Ama HDP’nin 6 milyon oyu var. Bu oy kapatmakla azalmıyor. Türkiye’ye dağılmış bir kitle nerede ise kemikleşmiş bir boyutta durduğu yerden ayrılmıyor. İktidar cenahınhca beklenen herhalde, -”iz alan daralta daralta, bir anlamda döve döve bu 6 milyonu bir hale yola sokarız” anlayışı etrafında oluşuyor. Acaba öyle olur mu?
Metiner öyle olmaz, diyor.
Metiner’in sesi, Cumhur İttifakına ulaşır mı, bilinmez, ulaşsa bile Bahçeli yaklaşımı geriler mi, bilinmez.

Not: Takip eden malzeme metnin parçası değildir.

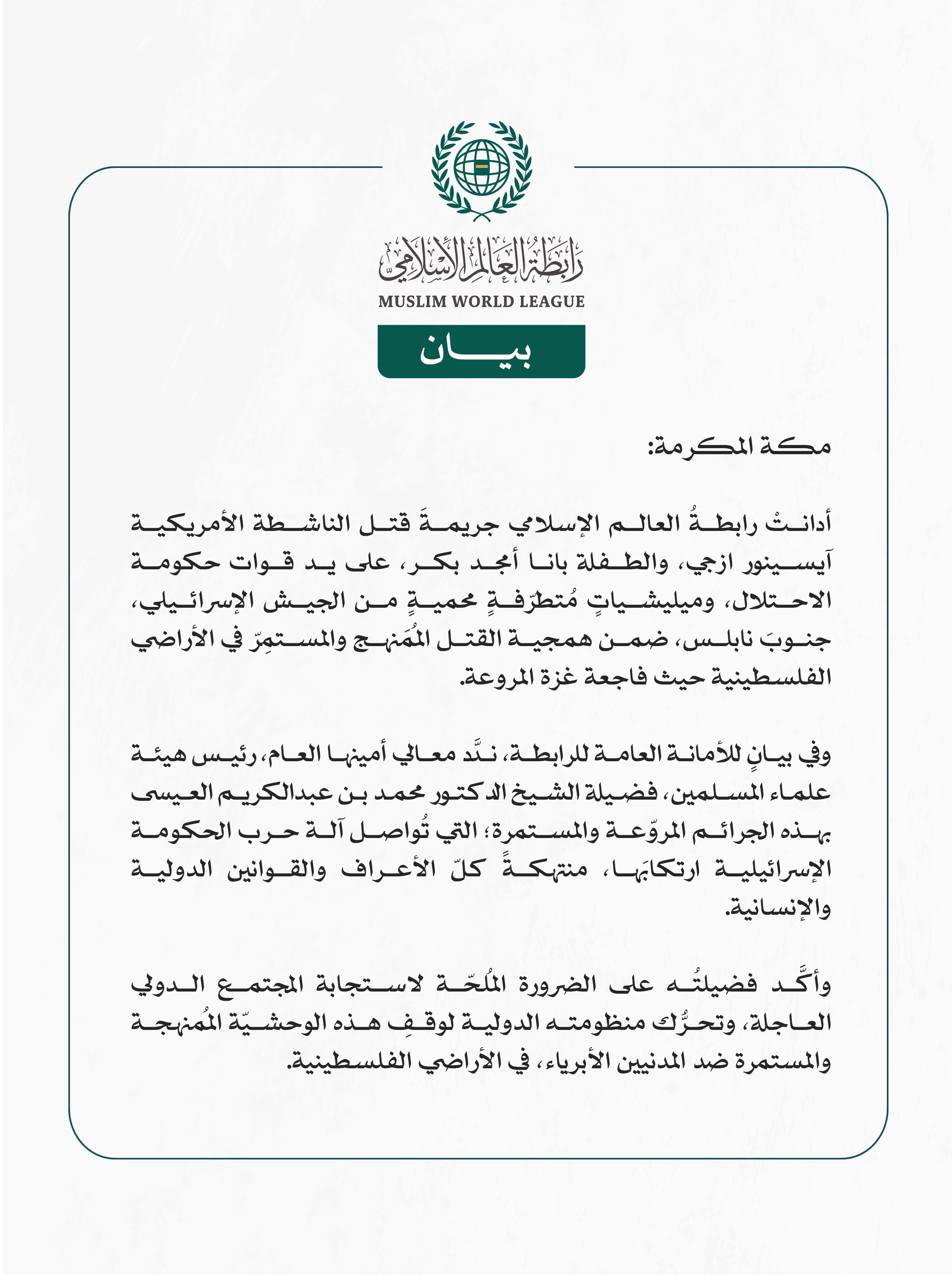رابطةُ العالم الإسلامي تُدين جريمةَ قتل الناشطة الأمريكية آيسينور ازجي، والطفلة بانا أمجد بكر على يد قوات حكومة الاحتلال الإسرائيلي ضمن همجية القتل المُمَنهج والمستمر في الأراضي الفلسطينية

Olay, çoktan uluslararası bir nitelik kazanmış durumda. “Dış Kürtler” olgusu, tamamen bölgeye yönelik küresel güç odaklarının stratejik hamleleri çerçevesinde biçimleniyor. “İç Kürtler” konusunda da Ankara inisiyatifi geriliyor. -İslamcı siyaset- entegrasyon için bir umuttu, dış güçlerin manipülasyonu onu da ekarte etti ve Ankara’da islamcısı ile Türkçüsü, Türkçü olmasa bile “milliyetçi” dilde buluştu.
HDP’yi kapatmak, küresel güçlerin manipülosyonuna daha açık bir iklimi oluşturacak. PKK bundan memnun olur, Metiner’in üslubuyla söyleyeyim; bu da biline!
Cumhurun başkanının adeta Cumhur dışına itiyormuşçasına dışladığı, muhalefetin bile cüzzamlı muamelesi yaptığı insanların başka seslere kulak kabartması karşısında ne söyleyebilirsiniz ki?
Bereket ki insanlar, cezaevlerinden bile “Bu memleketin insanı olma”yı seslendirmekten vaz geçmiyorlar. Nereye gider ki Demirtaş?
BABACAN’IN ÇAĞRISI
DEVA lideri Ali Babacan ilk defa bu kadar açık ve ağır konuşuyor:
“Faiz yüzde 19’sa, bu faiz inmiyorsa bunun sebebi Sayın Erdoğan’dır. Başkası değildir. Çok istiyordu. Al işte, yetki elinde. Niye indirmiyorsun? Tezin doğruysa, faizi indir enflasyon da düşsün. Niye yapmıyorsun? Bilmiyor. Sorun şu ki, bilmediğini de bilmiyor. ‘Biliyorum’ zannediyor. Bir kişinin hatasını 84 milyon ödemek zorunda değil. Merkez Bankası’na karıştırtmıyorduk. ‘Kusura bakmayın, talimatla çalışan bir kurum değildir’ diyorduk. Bu ülkede enflasyon böyle düştü. 34 yıl boyunca enflasyon iki, üç hane oldu. İki senede enflasyonu tek haneye düşürdük. Paradan altı sıfırı attık. İnanın, çoğu gelişmeleri basından takip ediyordu. Öyle haberleri oluyordu. Dinlemiyorduk, yapıp geçiyorduk. Çünkü bilmeyenin müdahalesi çok tehlikeli.”
Babacan İslam’ın faiz yasağını bilir. Faizin sıfıra inmesini bir ekonomist olarak da ister. Ama reel ekonomik veriler sebebiyle bir anlamda eliniz mahkumsa ekonomiyi ona göre yönetmek zorundasınız. Erdoğan’a yönelik çağrısı da bununla ilgili. Cevabı tabii ki Erdoğan vermeli.